- [DATASET RECORDS]
+---+

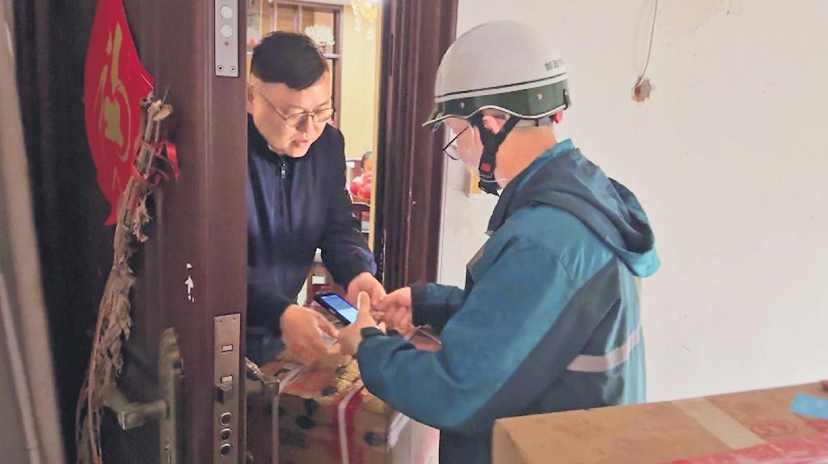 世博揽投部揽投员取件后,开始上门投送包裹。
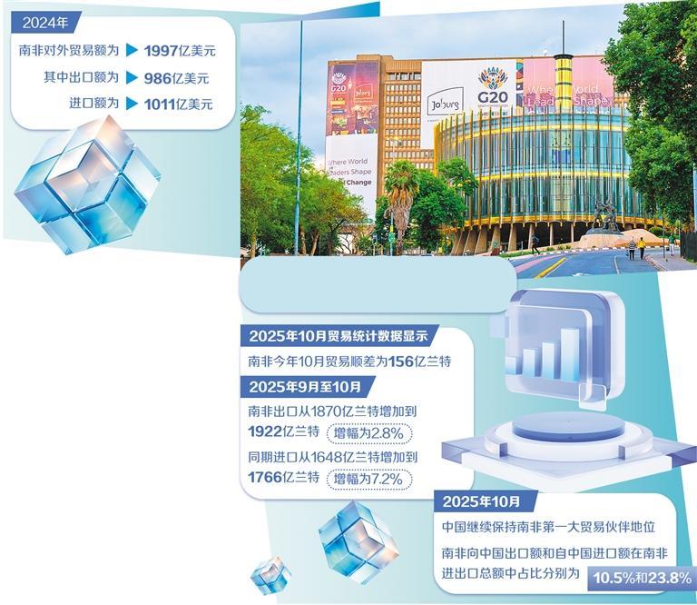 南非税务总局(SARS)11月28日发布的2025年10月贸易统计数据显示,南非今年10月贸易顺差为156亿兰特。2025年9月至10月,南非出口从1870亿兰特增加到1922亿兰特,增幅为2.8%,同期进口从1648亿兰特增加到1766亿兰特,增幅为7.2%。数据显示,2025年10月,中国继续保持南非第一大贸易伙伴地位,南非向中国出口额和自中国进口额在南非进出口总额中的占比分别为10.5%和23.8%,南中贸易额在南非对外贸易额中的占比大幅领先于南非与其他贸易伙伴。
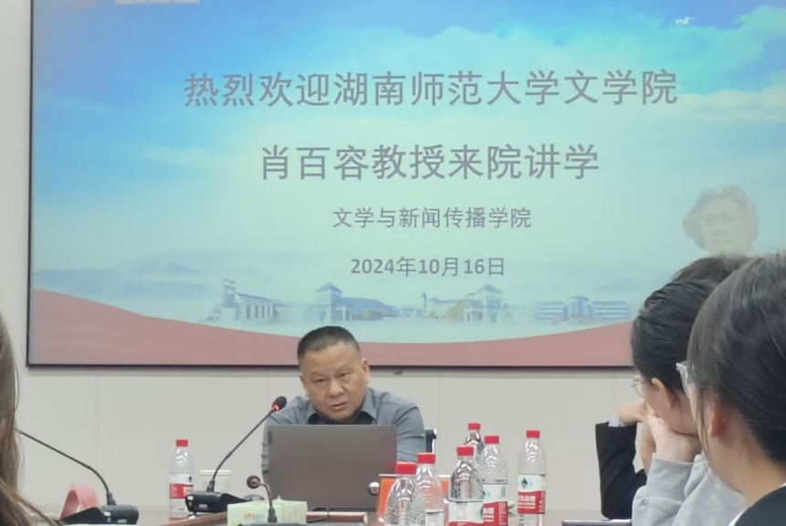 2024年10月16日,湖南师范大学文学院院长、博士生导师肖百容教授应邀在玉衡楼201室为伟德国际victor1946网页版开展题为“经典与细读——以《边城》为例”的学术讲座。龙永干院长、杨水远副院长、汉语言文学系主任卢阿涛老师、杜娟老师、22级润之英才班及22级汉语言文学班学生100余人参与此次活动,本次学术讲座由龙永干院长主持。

+---+

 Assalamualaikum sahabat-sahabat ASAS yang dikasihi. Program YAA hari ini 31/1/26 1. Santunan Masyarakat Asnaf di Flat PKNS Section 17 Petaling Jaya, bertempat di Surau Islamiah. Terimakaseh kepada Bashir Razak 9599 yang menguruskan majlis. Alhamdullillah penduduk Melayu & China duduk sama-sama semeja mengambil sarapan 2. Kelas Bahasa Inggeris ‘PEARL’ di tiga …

+---+

- [HOW TO COMPLETE THIS TASK]
Given the listing above, repeat exactly the lines starting at the one with "世博揽投部揽投员取件后,开始上门投送包裹。" and ending at the one with "2024年10月16日,湖南", inclusive, excluding pictures.

- [SOLUTION]
 世博揽投部揽投员取件后,开始上门投送包裹。
 南非税务总局(SARS)11月28日发布的2025年10月贸易统计数据显示,南非今年10月贸易顺差为156亿兰特。2025年9月至10月,南非出口从1870亿兰特增加到1922亿兰特,增幅为2.8%,同期进口从1648亿兰特增加到1766亿兰特,增幅为7.2%。数据显示,2025年10月,中国继续保持南非第一大贸易伙伴地位,南非向中国出口额和自中国进口额在南非进出口总额中的占比分别为10.5%和23.8%,南中贸易额在南非对外贸易额中的占比大幅领先于南非与其他贸易伙伴。
 2024年10月16日,湖南师范大学文学院院长、博士生导师肖百容教授应邀在玉衡楼201室为伟德国际victor1946网页版开展题为“经典与细读——以《边城》为例”的学术讲座。龙永干院长、杨水远副院长、汉语言文学系主任卢阿涛老师、杜娟老师、22级润之英才班及22级汉语言文学班学生100余人参与此次活动,本次学术讲座由龙永干院长主持。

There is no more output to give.